# Category Archives: analysis

## Mr. Consistency

Who are the most consistent scorers in the NBA? This is a question of some interest for those who participate in fantasy leagues, as consistency might be a virtue in determining the value of a player on your roster. For various reasons, a player might be worth more to you if they score 20 points every game, rather than alternate between 10 and 30 every other game. Further, some measure of consistency may highlight a player’s ability to impose their will on a game: a player able to get his scoring in, regardless of the opposition, could be said to be more of a game-defining player.

I’ve managed to estimate, for players since the 86-87 season, each individual’s mean points per 48 minutes, as well as the standard deviation of said statistic, and thus the coefficient of variation (sd/mean) and 95% confidence interval.

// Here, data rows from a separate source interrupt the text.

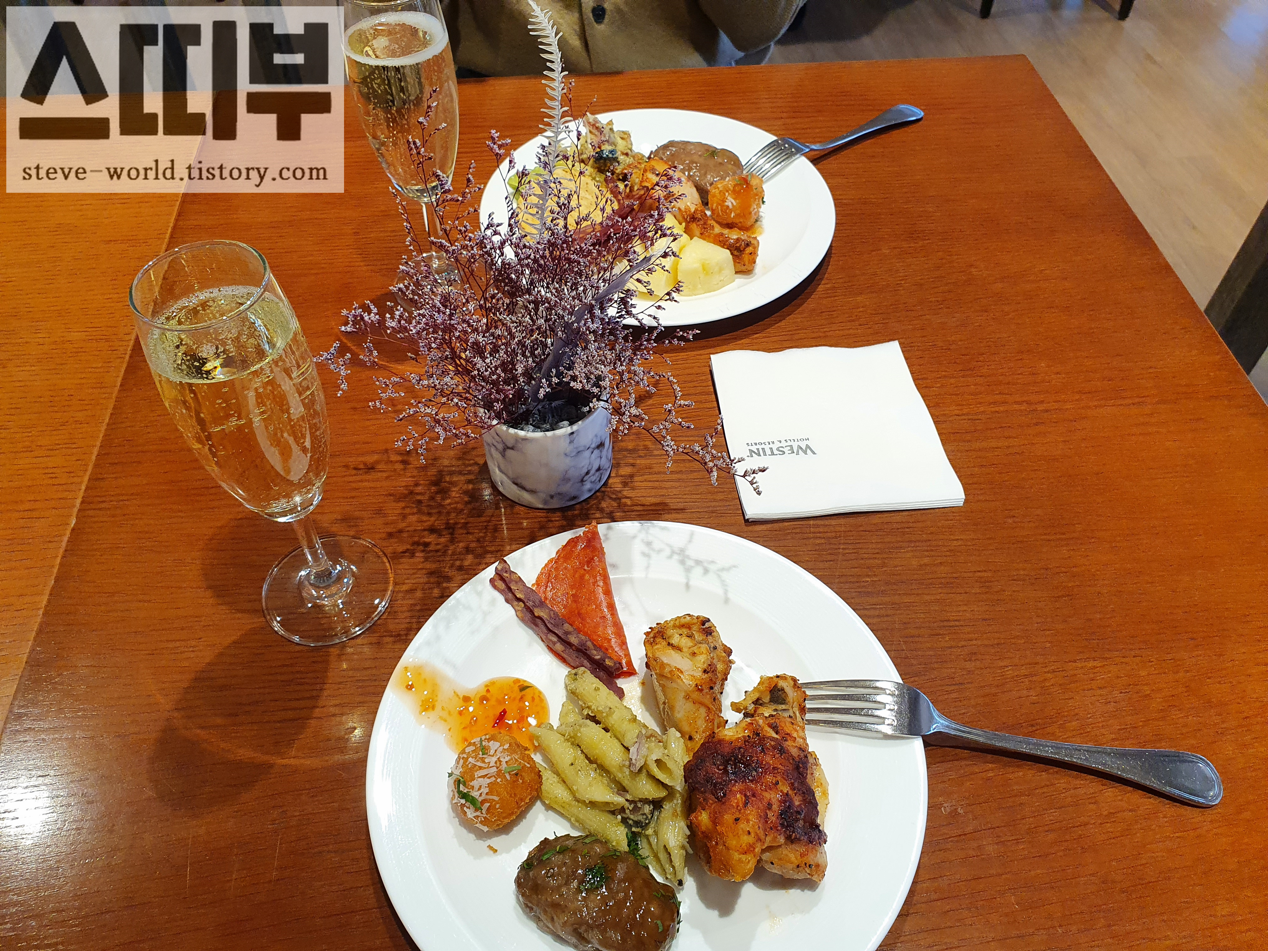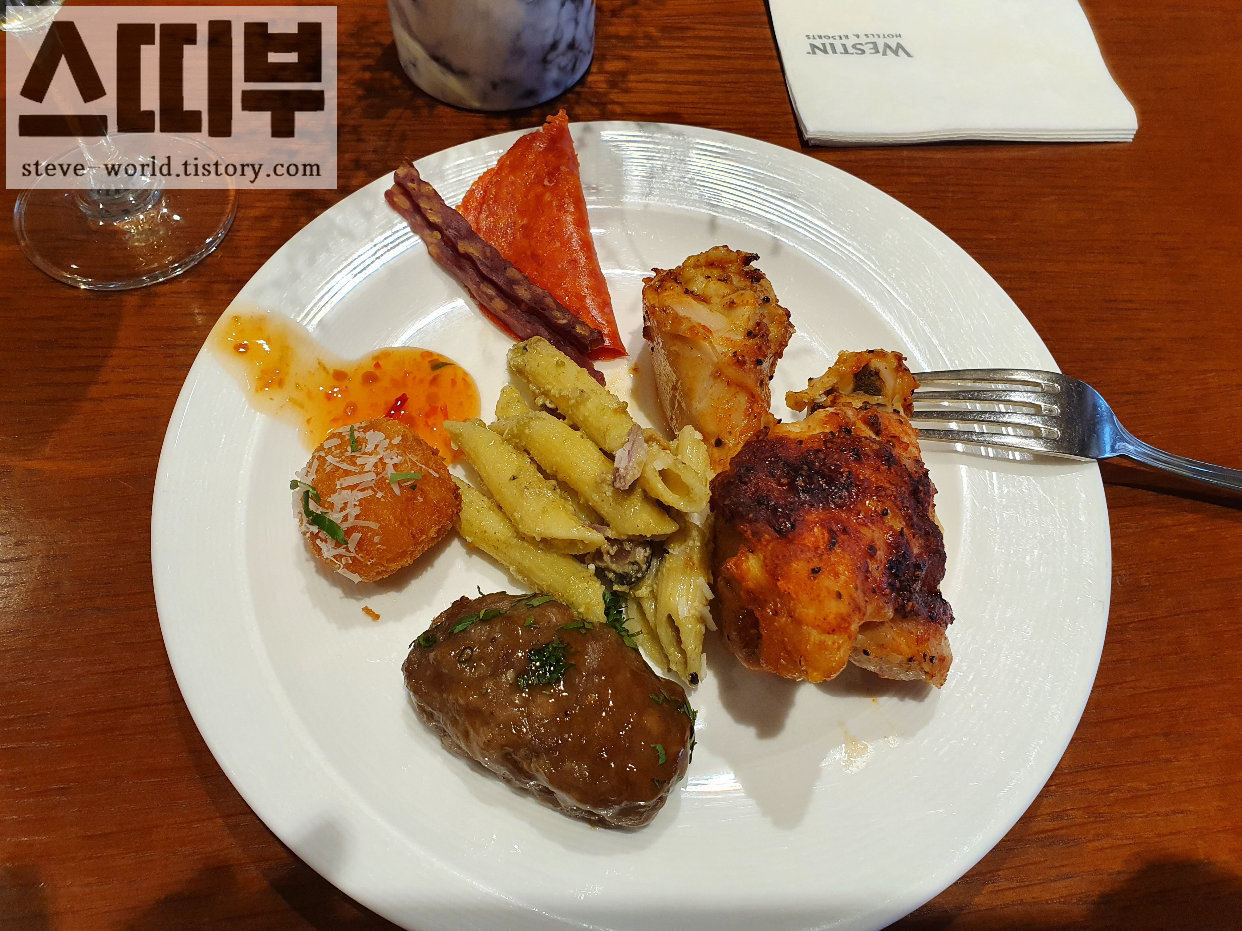 호텔 클럽 라운지 해피아워에서는 샴페인과 살라미, 육포, 펜네 파스타, 떡갈비, 튀긴 새우볼, 구운 치킨을 먹었습니다. 떡갈비는 5년 전에 왔을 때도 맛있게 먹은 기억이 있는데, 역시나 맛있었습니다.
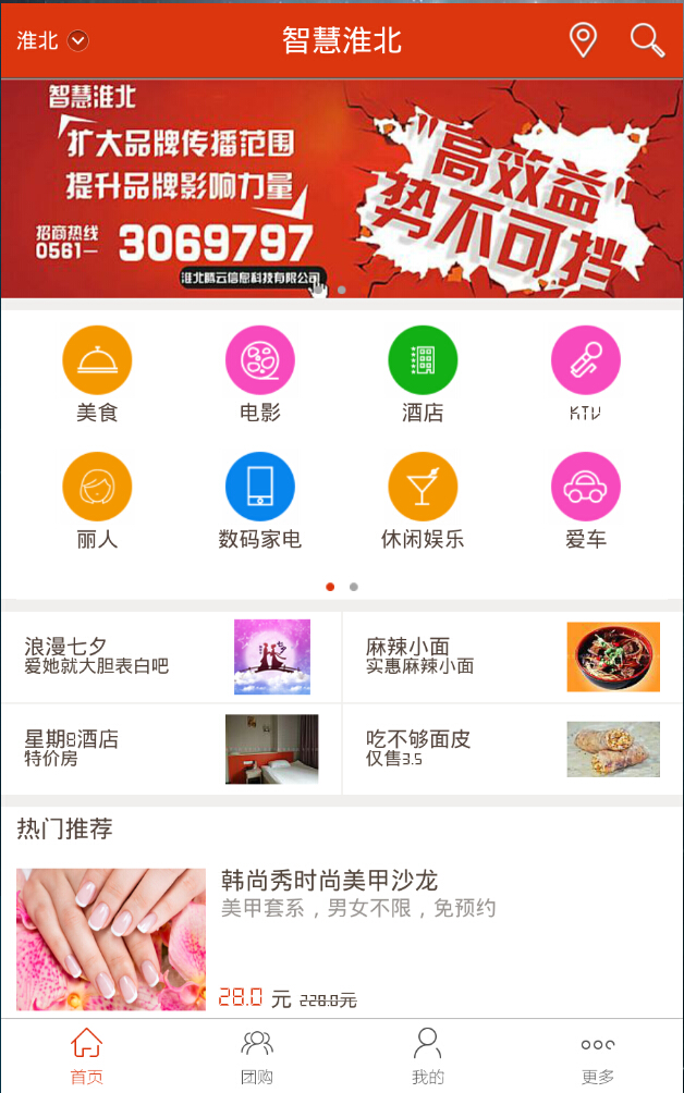智慧淮北,基于O2O+SOLOMO模式,集商城、团购、商圈、优惠券、分享、活动、社区于一体的综合性城市门户。为商家提供传统商业模式的移动电子商务解决方案,将线下消费移植到线上,最终打破开门迎客传统营销模式,利用网络平台变为主动营销。公司与微信合作,在线支付使团购方便快捷,打造移动淮北城市门户。
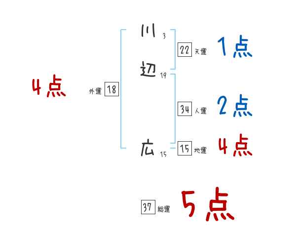 天運![]() | 川辺広さんの天運は22画の1つ星!努力することが苦手ないっぽう手先が器用。芸術性にも優れる。 家系が持つ宿命的な運勢を表します。祖先から受け継いだ苗字ですので自分の力が及びません。家柄を象徴します。 |

Here’s a spreadsheet of the top (634) players in the league, by mean pts/48, sorted by coefficient of variation. Thus, the players at top could be said, in some way, to be more consistent scorers than those at the bottom.

Most consistent scorers, 1986-2008

Below is another way to view the same question. Using each player’s mean and standard deviation pts/48, along with the sample size, we can construct a 95% confidence interval for our estimate of their true mean. In the graphic linked below, each player is ranked by their mean pts/48, and the x-axis indicates how they fare under this measure of scoring. Each mean is surrounded by a line indicating the 95% confidence interval. This means, essentially, that we can be 95% sure that the player is within the span of their colored line. For players with smaller samples or greater variance, the error bars will be wider.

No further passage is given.